Thomas and Stacey Siebel

SOURCE OF WEALTH: Siebel Systems

FUNDING AREAS: Poverty, Education, Health, Energy, Curbing Drug Use

OVERVIEW: Through the Thomas and Stacey Siebel Foundation, Siebel seeks to apply the same traits that made him a successful businessman to projects designed to alleviate poverty, enhance education and research programs, find alternative energy solutions, and curb methamphetamine abuse. Since its creation in 2000, the foundation has granted more than $250 million to hundreds of nonprofits. 
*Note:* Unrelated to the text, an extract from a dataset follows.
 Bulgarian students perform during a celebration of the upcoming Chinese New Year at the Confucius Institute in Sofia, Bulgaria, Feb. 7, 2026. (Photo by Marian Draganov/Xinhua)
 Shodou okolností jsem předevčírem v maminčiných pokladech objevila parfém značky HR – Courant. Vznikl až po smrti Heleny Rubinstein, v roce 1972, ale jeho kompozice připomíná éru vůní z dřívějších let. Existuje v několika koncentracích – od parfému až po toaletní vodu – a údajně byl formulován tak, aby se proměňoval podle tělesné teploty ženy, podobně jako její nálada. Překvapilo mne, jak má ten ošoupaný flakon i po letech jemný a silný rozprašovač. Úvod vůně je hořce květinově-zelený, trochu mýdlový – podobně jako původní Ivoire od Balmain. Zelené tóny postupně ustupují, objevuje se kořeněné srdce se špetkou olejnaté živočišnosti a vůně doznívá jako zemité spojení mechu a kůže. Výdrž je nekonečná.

BACKGROUND: Thomas Siebel graduated from University of Illinois at Urbana-Champaign, where he received a B.A. in history, an M.B.A, and an M.S. in computer science. He was a top salesman at Oracle before launching Siebel Systems in 1993, which would eventually be touted as the fastest-growing company in America in 1999 and 2000 and a leader in application software. Siebel is now the chairman and CEO of C3 IoT. 

ISSUES:

EDUCATION: The Siebel Scholars program seeks to create a stockpile of future leaders by recognizing the best graduate school students in business, computer science, and bioengineering with a $35,000 grant for their final year of study. In return, they serve as advisers to the Siebel Foundation. All of this is designed to create a community of sorts, a brain trust for the future, and to give the foundation the minds and tools it needs to solve our most pressing social issues.
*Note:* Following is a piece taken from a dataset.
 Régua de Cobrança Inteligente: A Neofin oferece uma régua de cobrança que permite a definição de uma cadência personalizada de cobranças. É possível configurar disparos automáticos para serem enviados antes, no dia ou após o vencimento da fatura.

Siebel also clearly loves his alma mater, the University of Illinois at Urbana-Champaign. In 2016, he donated $25 million to build an innovation-focused design center that will bear his name. He also gave $32 million to build the Siebel Center for Computer Science at the school, which opened in 2004. He also donated $4 million to the school to establish two endowed full professorships: the Thomas M. Siebel Chair in the History of Science and the Thomas M. Siebel Chair in Computer Science. In 2007, he pledged another $100 million gift to the school. 

ENVIRONMENT: In 2007, the Siebel Foundation created the Energy Free Home Foundation, which offered $20 million in prizes to anyone who could design and build a conventional 2,000-square-foot, three-bedroom, two-bath home with market appeal and competitive building costs and which saw net-zero annual utility bills. He made several announcements about the Energy Free Home Challenge, stating that the contest would start in "late 2009." All mention of the challenge later disappeared without explanation however, and little evidence of the contest exists these days.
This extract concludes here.